- Box art by Cliff Spohn
- Developer: Atari, Inc.
- Publishers: Atari, Inc.
- Programmer: Alan Miller
- Platforms: Atari 2600, Atari 8-bit
- Release: 2600October 1978; Atari 8-bit1979;
- Genre: Sports (basketball)
- Modes: Single-player, multiplayer

= Basketball (1978 video game) =

1978 video game

Basketball is a 1978 basketball video game programmed by Alan Miller and published by Atari, Inc. for the Atari Video Computer System (later renamed the Atari 2600). The cartridge presents a game of one-on-one basketball and can be played by one or two players, one of the few early VCS titles to have a single-player mode with an AI-controlled opponent. Miller wrote a version of Basketball for Atari 8-bit computers with improved graphics, published in 1979. That same year, an arcade version similar to the computer port was released by Atari, but in black and white.

==Gameplay==

The purple player is dribbling a square, blue ball (Atari VCS).
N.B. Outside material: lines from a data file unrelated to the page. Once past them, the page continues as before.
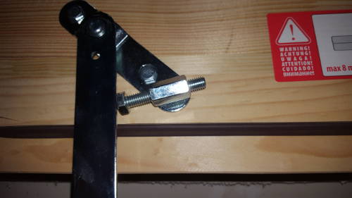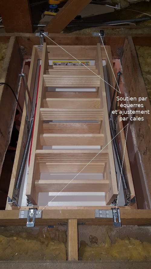 Le réglage de l’angle d’ouverture définissant la pente de l’escalier se fait à l’aide des vis en début de bras métalliques articulés visibles sur la photo ci-dessus.
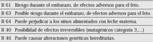 Estos factores son los más fáciles de identificar dado que en el envasado y etiquetado de todos los productos químicos aparecen una serie de códigos y letras que previenen de los riesgos intrínsecos a su manipulación. En el caso de riesgo para el embarazo tenemos las siguientes cuatro codificaciones:
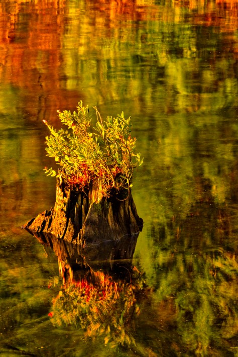 sun was providing the right amount of lighting.The stump had beautiful abstract colors around it in a slight ripple effect.I placed the stump with its vegetation growth closer to the bottom edge of the photo.I liked the effect the red flowers added to the photo.These type of shots do not come often but when I find them I will wait for the right conditions and set up
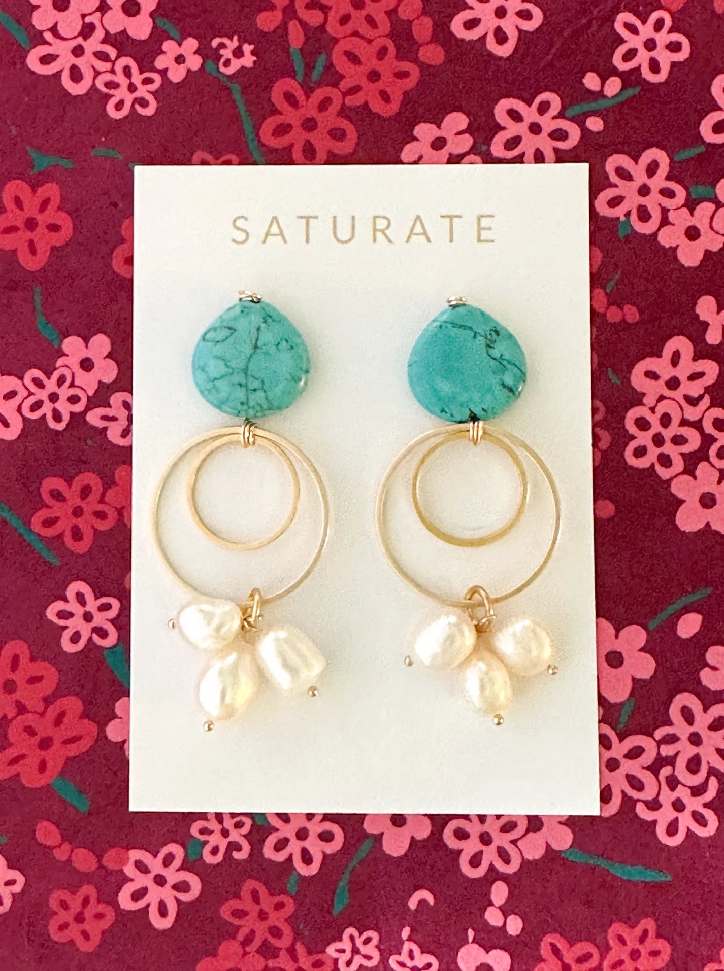 Add a touch of elegance to your outfit with these Saturate Sawyer Earrings. Made with gold, turquoise stone, and pearl, these dangle earrings are the perfect addition to any jewelry collection. Enhance your style and make a statement with these versatile and timeless earrings.
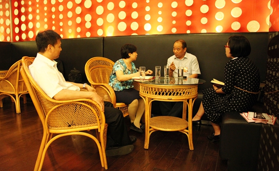 高元鸿(右二)接受本刊记者采访,(左一)天津市科协组织人事部部长侯建国

At the start of the game, both players are in the center of the court. A jump ball is thrown between them to begin play. The player in the offensive position (in possession of the ball) always faces a basket representing the assigned shooting target, and the defensive player always faces the opponent. Each player can move in eight directions with the joystick; the player who has the ball constantly dribbles it. The defensive player may steal the ball when it leaves the opponent's hands (either in mid-dribble or mid-shot).

After either player scores, the shooter is reset to the center of the court and becomes the defensive player while the former defender is positioned under the basket to inbound the ball. The player with the higher score after four minutes is the winner.

The game has two difficulty levels selected with the Difficulty Switch. In "B" position, the player can move from goal to goal much more quickly than the "A" position.

==Reception==
In Video magazine's "Arcade Alley" review column, reviewers described it as "that rare game that plays well solitaire or with a human opponent," and noted "the game definitely captures the flavor of basketball." The "fan's eye perspective" was singled out for particular praise, and the game as a whole was found to "offer the most exciting four minutes of one-on-one hoop action [the reviewers had] seen so far."

==Legacy==
In the 1980 comedy film Airplane!, flight controllers are seen playing Atari VCS Basketball rather than watching the monitor.